Iraq News

Damascus abusing terror law to freeze assets: rights group

The Syrian government is abusing a 2012 counter-terrorism law to punish the families of suspects by freezing their assets, Human Rights Watch said Tuesday (July 16th), charging it amounted to "collective punishment".

"By penalising people solely on the basis of their family relationship with an accused person, and not on the basis of their individual criminal responsibility, the finance ministry’s implementation of Decree 63 constitutes collective punishment," AFP quoted the HRW report as saying.

Decree 63, part of Syria's counter-terrorism law, allows Damascus to freeze the assets of people pending investigation of terrorism-related crimes, even if they have not yet been charged, according to HRW.

The decree is now being widely used to target families of the accused, putting relatives also at risk, it said.
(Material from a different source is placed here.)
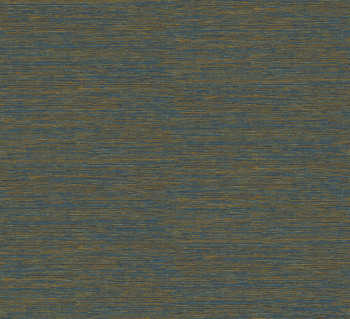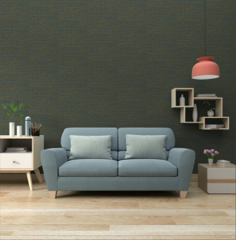 Vliestapete, Imitation eines gröberen Stoffes, Schwarz-, Braun- und Metallic-Türkis-Töne.

"Syria is using Decree 63 to authorise abusive and arbitrary practices that rob people of their very livelihoods," said Lama Fakih, HRW's deputy director for the Middle East and North Africa.

The counter-terrorism law, enacted in July 2012, grants the government wide jurisdiction to label "almost any act as a terrorist offence", according to the rights watchdog.

It has been used in the past to criminalise providing humanitarian aid, recording human rights abuses and taking part in peaceful dissent, HRW said.